[[ GIVEN RECORDS open ]]
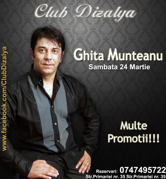 Club Dizalya împreună cu Ghiţă Munteanu vă invită să petreceţi împreună sâmbătă, 24 martie, 2012 o seara de neuitat.
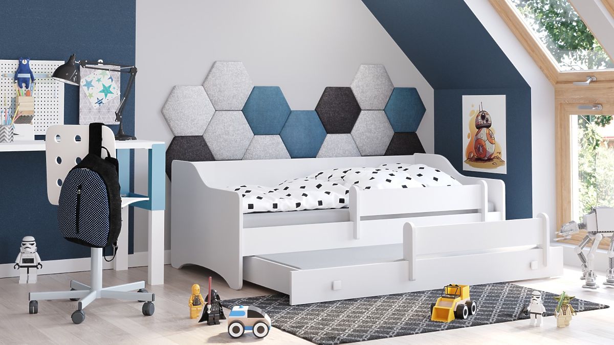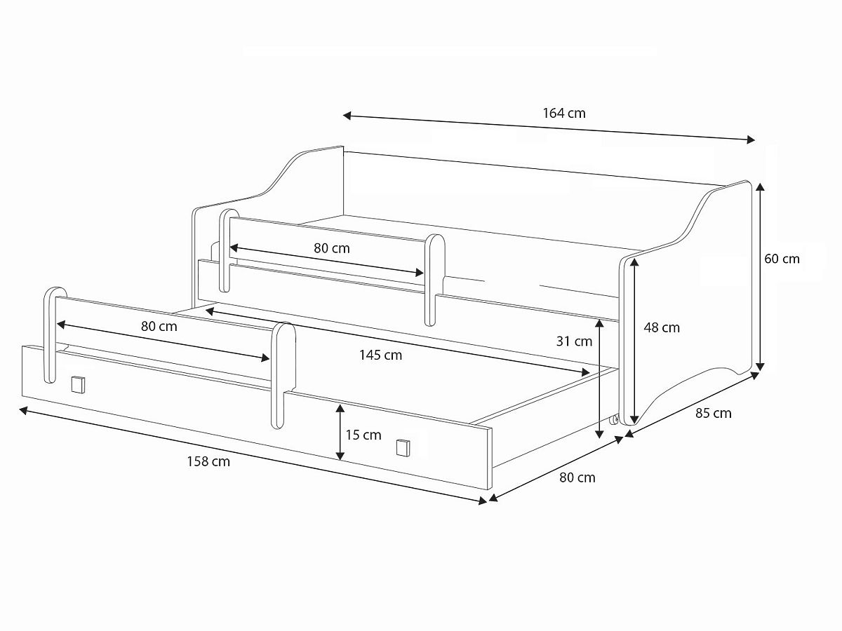 The Eryk bed is a functional and stylish solution for every boy. With two sleeping areas, the upper one measuring 160x80 cm and the lower one 145x80 cm, it is ideal for a room where space is at a premium. Its elegant design and durable materials ensure not only aesthetics but also safety and comfort for many years of use. It is an excellent choice for parents who want to create a comfortable and safe sleeping place for their child.
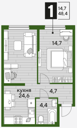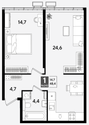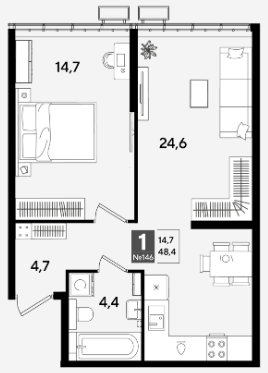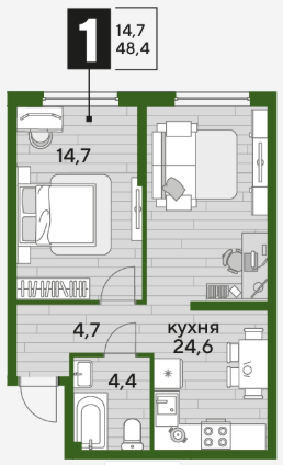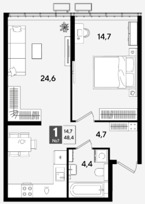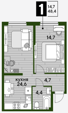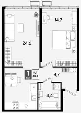 1 | 48.3 / 14.4 м² | от 7 837 110 руб. (162 259 руб./м²) | Планировка |
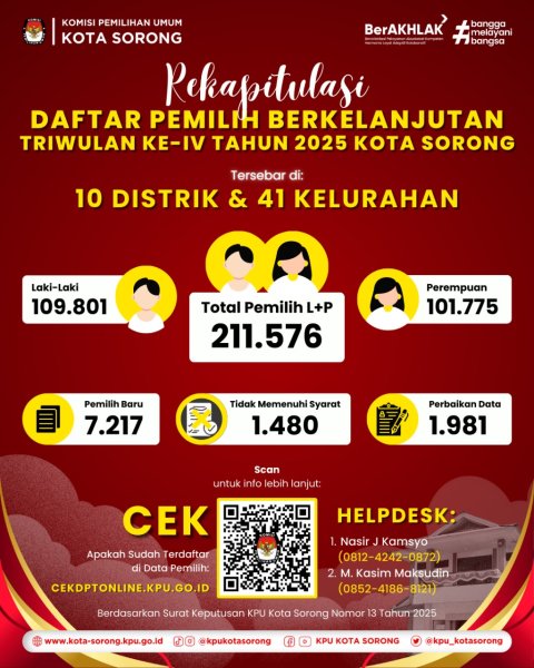 PENGUMUMAN PENETAPAN REKAPITULASI PEMUTAKHIRAN DATA PEMILIH BERKELANJUTAN KOTA SORONG PROVINSI PAPUA BARAT DAYA TRIWULAN IV TAHUN 2025
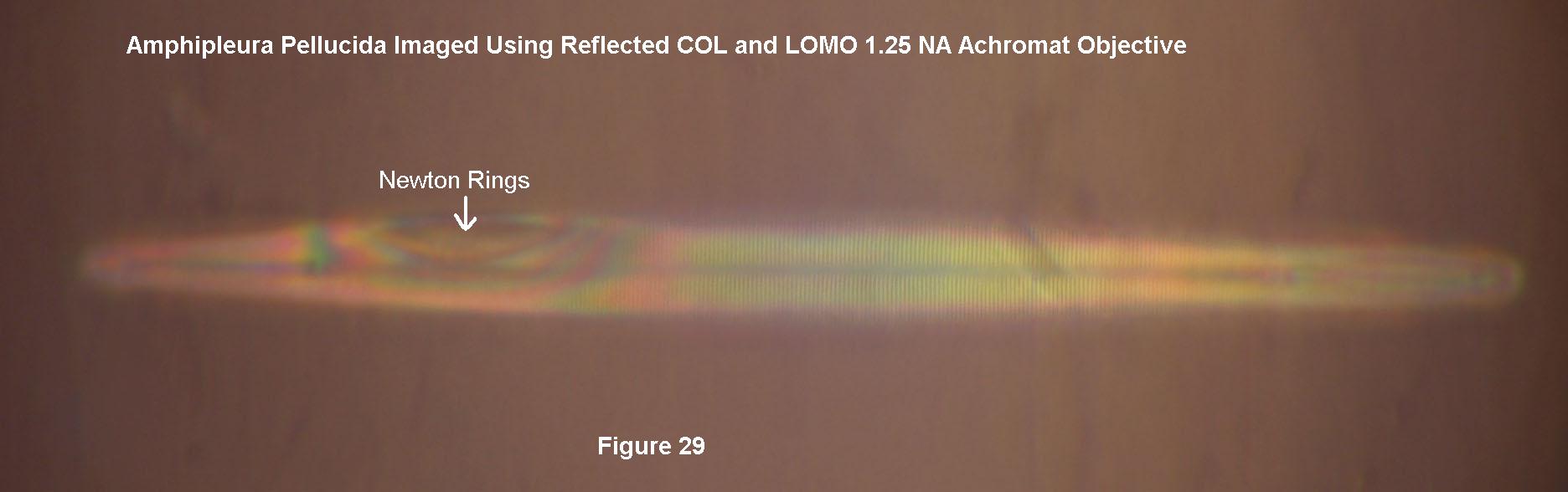 Since I was aware of use of polarized COL for the reflected light contrast mechanism of Ploem, I decided to determine whether I could resolve Amphipleura pellucida diatoms in a strew slide obtained from Klaus Kemp. I used the LOMO 90X 1.25 N.A. biological objective with reflected COL. I was surprised to see that the striae were resolved with higher contrast than with transmitted COL and the more highly corrected 1.30 N.A. apochromat, compare Figure 28 with Figure 6. The darkened background was expected based on the Ploem article. What I did not anticipate was the interference microscope effect evidenced by the color bands in Figure 28. There is a reflection of the illumination from the interface between the underside of the cover glass and the mountant which can interfere with the light diffracted from the diatom surfaces in contact with the cover glass. The diatom is nearly parallel to the cover glass interface in Figure 28, giving rise to the interference color bands. The diatom in Figure 29 is less well aligned, giving rise to the colored Newton rings.
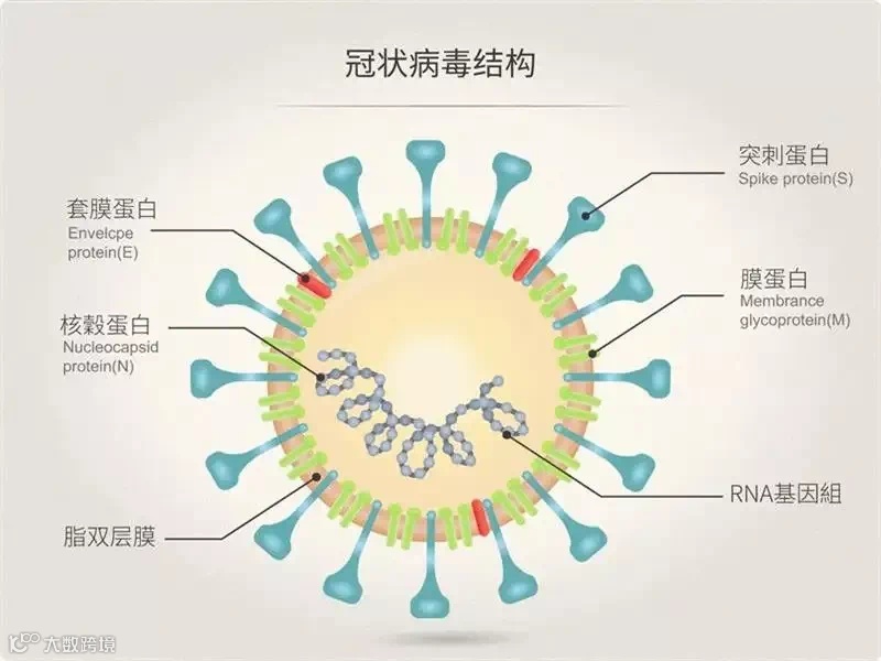 大家可以看到冠状病毒是由内部基因组核酸和外部蛋白组成的。核酸检测就是针对内部核酸进行检测,抗原检测是针对外部蛋白进行检测。
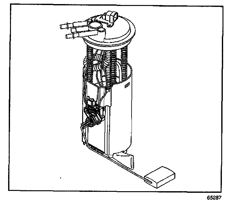 6. Remove the fuel tank pressure sensor (1) from the fuel modular sender (2).
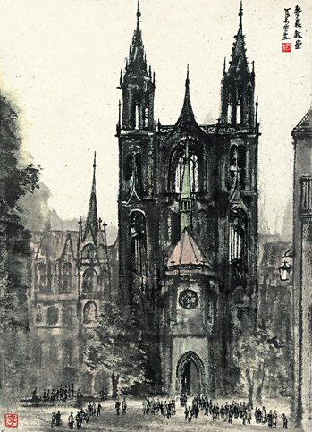 麥森教堂(水墨) 李可染
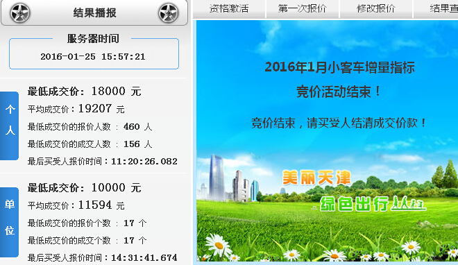 2016年1月天津車牌競價結果:個人成交均價1.8萬元(附查詢網址)
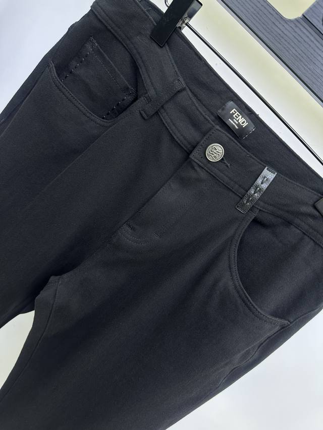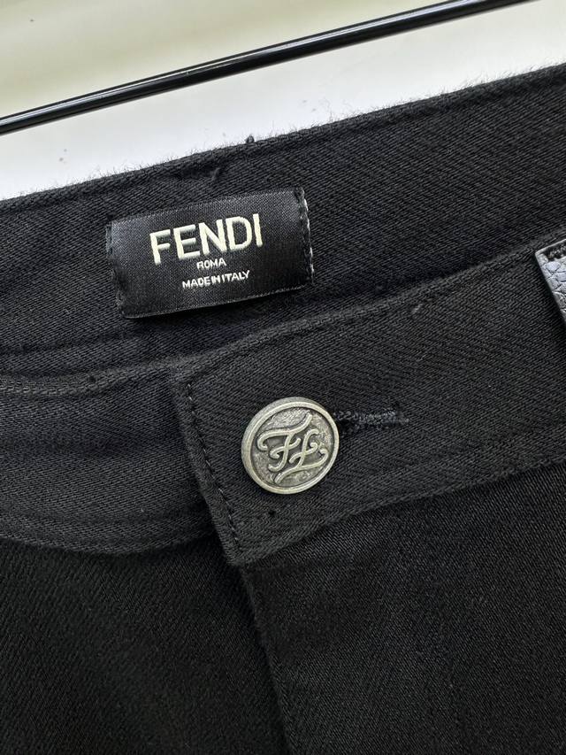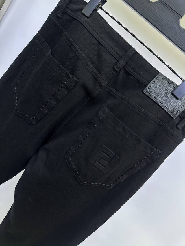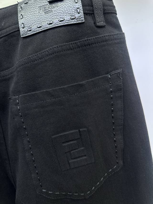 Fendi Black Bull 25Ss new autumn and winter straight version customized pure black denim environmentally friendly fabric does not fade Ff antique silver distressed hardware counter latest synchronization back pocket craftsmanship and cowhide brand echo the version of the super pure color: black size 30.31.32.33.34.35.36.38
[[ GIVEN RECORDS closed ]]
§ TASK ITEM: An exact copy of all the lines above is required, with the pictures removed.

§ RESULT FOR THIS EXERCISE:
 Club Dizalya împreună cu Ghiţă Munteanu vă invită să petreceţi împreună sâmbătă, 24 martie, 2012 o seara de neuitat.
 The Eryk bed is a functional and stylish solution for every boy. With two sleeping areas, the upper one measuring 160x80 cm and the lower one 145x80 cm, it is ideal for a room where space is at a premium. Its elegant design and durable materials ensure not only aesthetics but also safety and comfort for many years of use. It is an excellent choice for parents who want to create a comfortable and safe sleeping place for their child.
 1 | 48.3 / 14.4 м² | от 7 837 110 руб. (162 259 руб./м²) | Планировка |
 PENGUMUMAN PENETAPAN REKAPITULASI PEMUTAKHIRAN DATA PEMILIH BERKELANJUTAN KOTA SORONG PROVINSI PAPUA BARAT DAYA TRIWULAN IV TAHUN 2025
 Since I was aware of use of polarized COL for the reflected light contrast mechanism of Ploem, I decided to determine whether I could resolve Amphipleura pellucida diatoms in a strew slide obtained from Klaus Kemp. I used the LOMO 90X 1.25 N.A. biological objective with reflected COL. I was surprised to see that the striae were resolved with higher contrast than with transmitted COL and the more highly corrected 1.30 N.A. apochromat, compare Figure 28 with Figure 6. The darkened background was expected based on the Ploem article. What I did not anticipate was the interference microscope effect evidenced by the color bands in Figure 28. There is a reflection of the illumination from the interface between the underside of the cover glass and the mountant which can interfere with the light diffracted from the diatom surfaces in contact with the cover glass. The diatom is nearly parallel to the cover glass interface in Figure 28, giving rise to the interference color bands. The diatom in Figure 29 is less well aligned, giving rise to the colored Newton rings.
 大家可以看到冠状病毒是由内部基因组核酸和外部蛋白组成的。核酸检测就是针对内部核酸进行检测,抗原检测是针对外部蛋白进行检测。
 6. Remove the fuel tank pressure sensor (1) from the fuel modular sender (2).
 麥森教堂(水墨) 李可染
 2016年1月天津車牌競價結果:個人成交均價1.8萬元(附查詢網址)
 Fendi Black Bull 25Ss new autumn and winter straight version customized pure black denim environmentally friendly fabric does not fade Ff antique silver distressed hardware counter latest synchronization back pocket craftsmanship and cowhide brand echo the version of the super pure color: black size 30.31.32.33.34.35.36.38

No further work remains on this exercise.